レンドルフが馬車から降りて馭者に料金を支払っていると、馭者に「お悔やみ申し上げます」と声を掛けられた。彼にしてみれば客に対する挨拶のようなものかもしれないが、レンドルフにはそれも心に沁みて、うっかり目が潤んでしまいそうになった。すっかり気持ちが弱っているのかもしれない。
「この度は先代様の件、使用人一同心よりお悔やみ申し上げます」
「ああ、ありがとう。支度はどうなっている?」
「雪道用の車輪を急ぎ確認させております。あと二時間ほど掛かりますので、若様は少しでもお体をお休めになってください」
「…そうさせてもらうよ」
タウンハウスの中に入ると、その日屋敷にいる使用人全員が迎えてくれたらしく、皆沈痛な面持ちで深く頭を下げていた。

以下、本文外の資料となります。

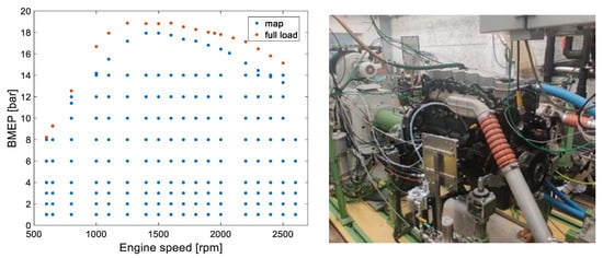 Map of experimental points measured and validated (left); experimental test bench (right).

その胸元には、献花用に使用される白い花に黒い葉の造花を付けている。使用人全員が父ディルダートのことを悼んでいることに、レンドルフは悲しみと誇らしい気持ちがない交ぜになっていた。
「お部屋にお食事をお持ちします」
「いや…ああ、ありがたくいただくよ」
「畏まりました」
レンドルフは当分食欲は湧きそうになかったが、それでも食べられるうちに少しでも食べておかないと、この先は強行軍になるので体力が保たないだろう。執事長の提案に、レンドルフは頷くと自室に戻った。
引き出しの中に入れておいた便箋を取り出すと、レンドルフはすぐにペンを取った。
ただの偶然ではあるが、こうして堂々と故郷に戻る理由が出来たのだ。これを逃す手はない。心の中でディルダートに謝りながら、レンドルフは「子爵家執事アレクサンダー」宛てに手紙をしたためた。
父の葬儀に列席するので、他から勘ぐられることもなく辺境領に戻れること。本日中に辺境領に向けて出発するので、途中合流は難しいことと、それならばいっそ現地でおちあった方がいいということ。そして最後にユリの容態を慮るメッセージを書き加えて、先日「アレクサンダー」から数枚渡された白い伝書鳥に手紙を託した。レナードは五日の内にどうにかすると言っていたので、彼もそれに合わせて準備をしているかもしれない。もし合流出来なくても、探す素材はレンドルフも分かっているのだ。葬儀の合間に森に入って先に見付けておくことが出来れば、追いついた彼に少しでも早く素材を渡せる可能性もある。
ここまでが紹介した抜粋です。